Editorials

Devine's biggest problem political, not ethical

THERE'S NOTHING wrong with a company whose vice president is married to a member of Columbia City Council applying for a loan to help develop a project in the Sumter-Columbia Empowerment Zone.

Community Assistance Provider is seeking $327,250 from Columbia's loan committee to purchase property at 7311 Patterson Road. The company's vice president, Jamie Devine, a member of the Richland 1 school board, is married to City Council member Tameika Isaac Devine. Since Mr. Devine is simply an employee at the company and Mrs. Devine has no say over who gets the loan, we're compelled to agree with the State Ethics Commission that there's no conflict here.

Even so, it's wise for the loan committee to delay a decision until city officials get a ruling from the U.S. Department of Housing and Urban Development. The city has good reason for requesting HUD's input. Earlier this year, the agency raised questions about two loans, one connected to council member Daniel Rickenmann and the other involving another close relative of Mrs. Devine's. HUD demanded the city explain why the loans did not violate "federal, state and local conflict of interest guidelines."

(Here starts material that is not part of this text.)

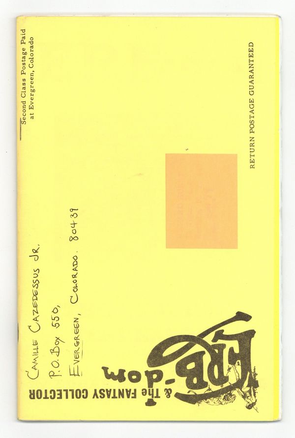 Published Jun 1973 by Camille Cazedessus, Jr.$15.50A fanzine devoted to Edgar Rice Burroughs. ERBdom #71 is devoted almost exclusively to reprinting the first part of "The Terrible Tenderfoot", which was first published in Thrilling Adventures V33#1. Back cover features a black and white photo of Edgar Rice Burrough. 5 1/2 in. by 8 1/2 in. 44 pages. Cover price $0.50.

One of the loans - in the amount of $280,000 - was extended to Veronica Isaac, Mrs. Devine's mother, who used it to purchase an office building that she later leased to Mrs. Devine's law firm. While we saw no conflict in Mrs. Isaac getting the loan, HUD also questioned whether she met the criteria of using the loan to create jobs. Moving an existing law firm into the office building was a "business relocation," which HUD does not allow. The federal agency demanded the city repay the loan. To her credit, Mrs. Isaac did so.

We have long questioned the lack of accountability the city has over empowerment zone funds. This system is structured in a nontraditional way that allows the empowerment zone's loan committee a significant amount of latitude while keeping City Council at arm's length. But while the city doesn't have any say over who gets a loan, city taxpayers are on the hook for the money if HUD determines something doesn't add up. That makes no sense. HUD should reconsider this set-up. Either the elected City Council that is accountable to voters should have more say, or the city should be relieved of the ultimate responsibility for loans HUD determines are bad or violate rules. If City Council were to get direct authority, loans such as the ones connected to Mrs. Devine would indeed be improper.

But as things stand, there's nothing wrong with Mr. Devine's company applying for a loan. And Community Assistance Provider's proposal to build affordable housing appears to be the type of project the empowerment zone was set up to promote.

The way we see it, Mrs. Devine's biggest problem is a political one involving bad timing, not any actual improprieties. This latest scrutiny comes at a time when questions that surrounded the loan to her mother remain fresh in many people's minds. That's no small thing; perception matters. Political opportunists could seize on this moment to confuse potential voters and suggest there's some ethical concern about Mrs. Devine, a two-term council member, as she gears up for a re-election campaign. It's quite possible they might even make some headway.

Mrs. Devine must deal with the perception issue. But that's a different question from whether wrongdoing occurred; on that front, there's nothing there.